_AIM OF THE TASK:_ Please output exactly the lines from the one that holds "Crafted from premium" through the final line of the data, and nothing else; leave out any pictures.

** SOURCE MATERIAL follows **

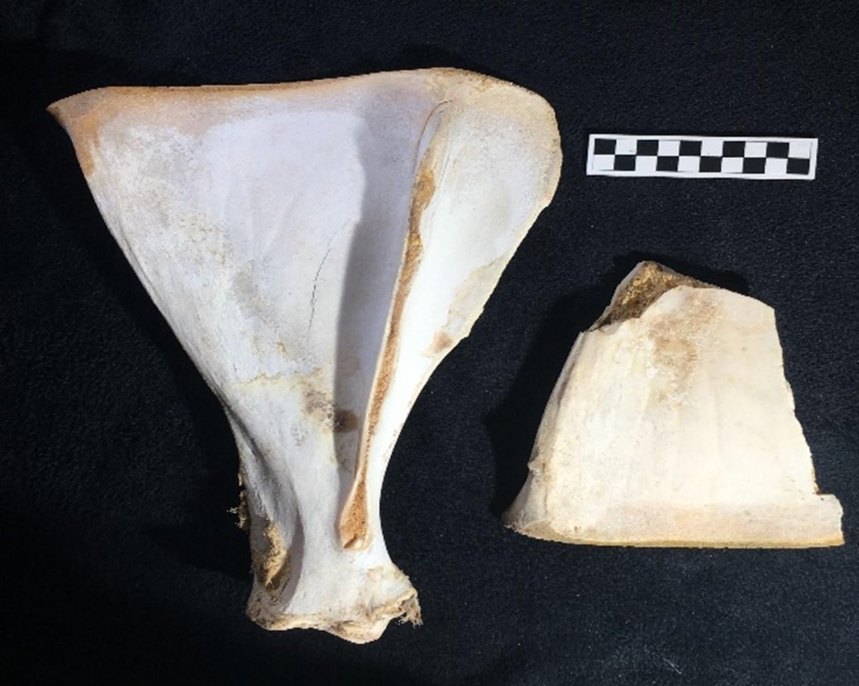 Bison scapulae were used to create bone knives. Bison scapula (No. 1) had no flesh on the bone and was aged, which accepted good scoring from a stone tool. First, the spine from the dorsal side of the scapula was removed by scoring the bone using simple flake tools. After scoring, the spine was removed by striking the bone using a hammerstone. The bottom portion of the scapula was removed by scoring the bone with the same tools and striking the bone with a hammerstone against a grinding stone, which was used as a base. After removing the spine and the distal edge, the grinding stone was used to sharpen the scapula. The scapula was angled while sliding the scapula across the grinding stone with a back-and-forth motion to create a sharpened bevel edge.
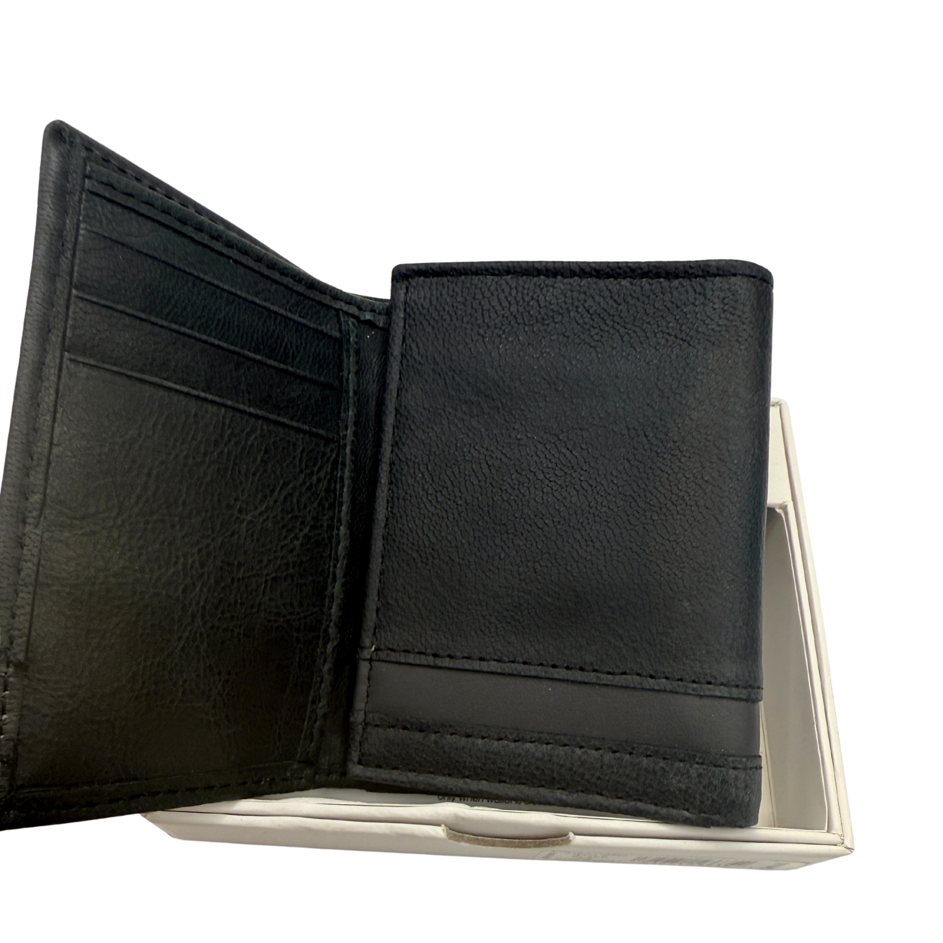 Crafted from premium black calf leather, this Calvin Klein trifold wallet offers a sleek and timeless design suitable for both men and women. Equipped with RFID protection, it safeguards your cards from unauthorized scans, enhancing your security. Compact yet spacious, it neatly organizes your essentials and arrives in its original box, making it an ideal choice for everyday use or gifting.
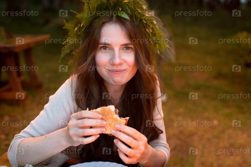Женщина ест гамбургер
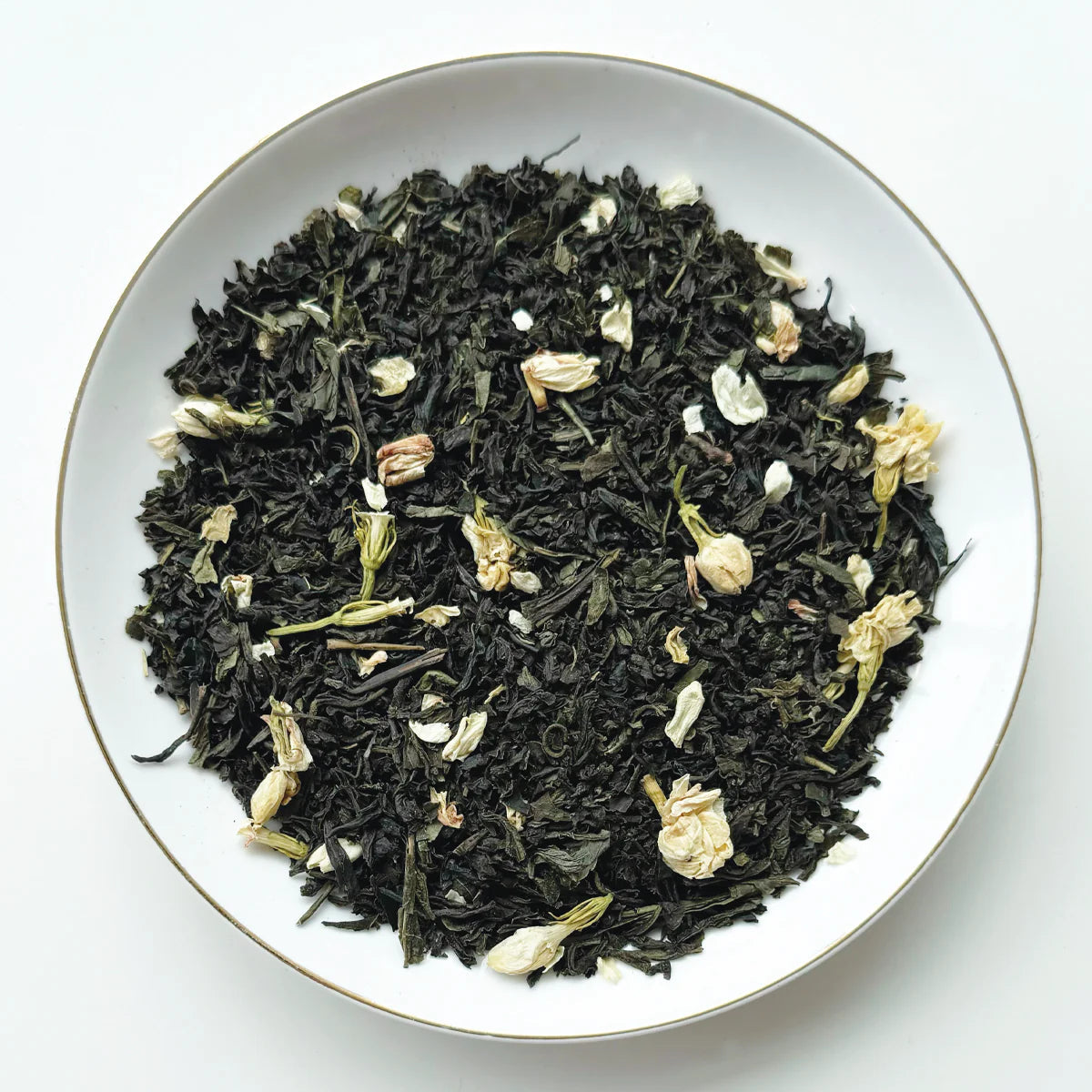 Le thé vert, réputé pour ses nombreux bienfaits pour la santé, est associé aux pétales de jasmin, créant ainsi un équilibre entre la douceur florale et la légère astringence caractéristique du thé vert.

** End of SOURCE MATERIAL **

_SOLUTION FOR THIS EXERCISE:_
 Crafted from premium black calf leather, this Calvin Klein trifold wallet offers a sleek and timeless design suitable for both men and women. Equipped with RFID protection, it safeguards your cards from unauthorized scans, enhancing your security. Compact yet spacious, it neatly organizes your essentials and arrives in its original box, making it an ideal choice for everyday use or gifting.
Женщина ест гамбургер
 Le thé vert, réputé pour ses nombreux bienfaits pour la santé, est associé aux pétales de jasmin, créant ainsi un équilibre entre la douceur florale et la légère astringence caractéristique du thé vert.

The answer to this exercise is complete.